8284.UpdateTDDBasicStats.asmHi Jim,
I took a look at it. you can parallelize the MACF32 and MOV32. I made the changes and it builds with no pipeline issues but haven't tested it. Let me know if it works
J Lubbe said:Do you see any other opportunities to substantially reduce the compute time?
Not really. The loop is pretty tight. There is nothing you can do about the load/stores that are not parallelized. From the looks of it you are buffering the adc input in an array x and passing the pointer. If you were doing this on a per sample basis you could skip the storing before the function, and just load the ADC value and convert to float in the first two lines of the function
So you would put this at the top of your .asm file
.cdecls C, LIST, NOWARN, "F2837xD_Adc.h"
Then first two lines of code in the function would be
MOVW DP, #_AdcaResultRegs UI16TOF32 R1H, @_AdcaResultRegs.ADCRESULT0
So basically if you don't need to buffer the sampled input, just the processed input you can save a couple more cycles reading the ADC inside the function
Thanks for all of your help, Vishal. My next goal is to get the basic stats code running on the 28377 CLA.
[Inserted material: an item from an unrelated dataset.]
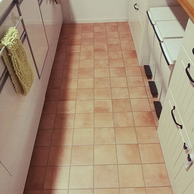 14年3月のdiy 洗面台② 床のクッションフロア貼り替え プロヴァンス風といえば 「これやー、完璧やん」と テラコッタタイル風を選択 なぜ?なぜーー? 今なら、古材風木目を選ぶのにさ なぜこんなに、好きなものがブレるんだろうか? ლ(゚д゚ლ)明るいテラコッタ調タイルの玄関♪DIYで完成♪ 今回は家の顔である玄関を明るくと思い購入しました。 サイズに迷いましたが、一般的な玄関サイズの為、小さ過ぎず、大きすぎずの15×15のこのタイルにしました。 特に苦労したのは、たたきとあがりの境 玄関ポーチのタイル貼りです。 まず、おおよその場所決めをします。 テラコッタタイルを並べてみて、置き場所とかを確認します。 これで、目地の幅などを決め、できるだけきれいに収まるレイアウトを考えていきます。 次に水糸をはり基準を作ります。
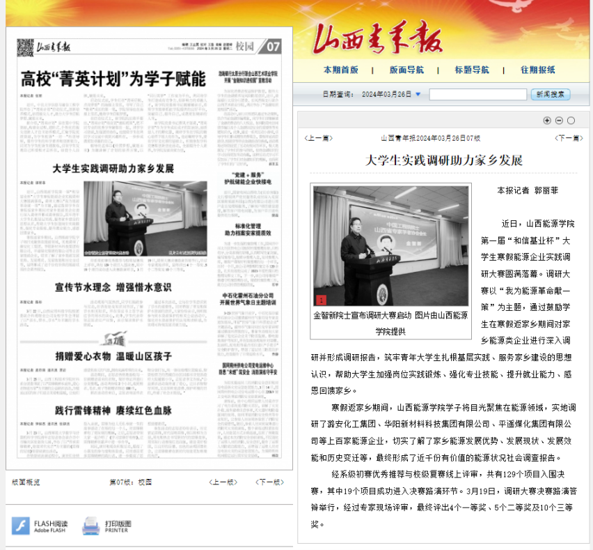 为深入贯彻习近平总书记关于青年工作的重要思想,筑牢青年大学生扎根基层实践、服务家乡建设的思想认识。今年寒假,校团委积极响应团中央、团省委号召,以迎接本科教学工作合格评估为契机,结合共青团基层组织改革,打造了大学生寒假“返家乡”“能源企业‘十百千’”社会实践特色品牌项目,旨在帮助大学生加强岗位实践锻炼、强化专业技能、提升就业能力、感恩回馈家乡。 为了打造好“能源企业‘十百千’”特色品牌项目,在山西和信基业科技股份有限公司的支持下,举办了世界杯官网第一届“和信基业杯”大学生寒假能源企业实践调研大赛。此次活动聚焦能源产业、关注生态环境、对接国家战略,是世界杯官网积极践行习近平生态文明思想,主动对接“美丽中国”建设的重要举措。活动期间,世界杯官网学子利用春节假期及大学生寒假返乡时间,聚集在能源领域有资源禀赋的山西省十个地市,走访了百个县区,深入到各类能源企业中,运用所学专业知识,对企业的能源结构、节能减排措施、技术创新、环保政策执行等情况进行全面而细致的调研,最终形成了近千份有价值的山西能源状况社会调查报告。此次活动还得到了省内媒体——《山西青年报》的报道,充分彰显了世界杯官网在引导青年学子积极投身社会实践,助力国家能源战略实施方面的突出成效,展现了山能学子们的卓越才华和实践能力。

The CLA has fewer instructions, and fewer floating point and auxiliary registers than the C28x + FPU so I have discovered that there are some extra hoops to jump through to perform the same calculations in assembly code. I don't yet have a correctly working assembly function but I did run some tests with C code in a CLA task.
#define N 32
zSqr = z * z;
With 32 points, it takes 7us to execute a standard for loop.
for (j = 0; j < N; j++)
{
zSqrSum[j] += zSqr;
hzSum[j] += h[j] * z;
}
I manually unrolled the loop in C and the time it took to execute 32 points dropped to 1.7us.
zSqrSum[0] += zSqr;
hzSum[0] += h[0] * z;
zSqrSum[1] += zSqr;
hzSum[1] += h[1] * z;
.
.
.
zSqrSum[N-1] += zSqr;
hzSum[N-1] += h[N-1] * z;
When running the same stats calculations on the C28x + FPU, it takes 1.15us for 32 points. If possible, I would like to achieve this same performance on the CLA. I am looking at the assembly code generated by the compiler to see if there are more opportunities for optimization. I've attached that file to this post. The stats calculations code runs in Cla1Task1.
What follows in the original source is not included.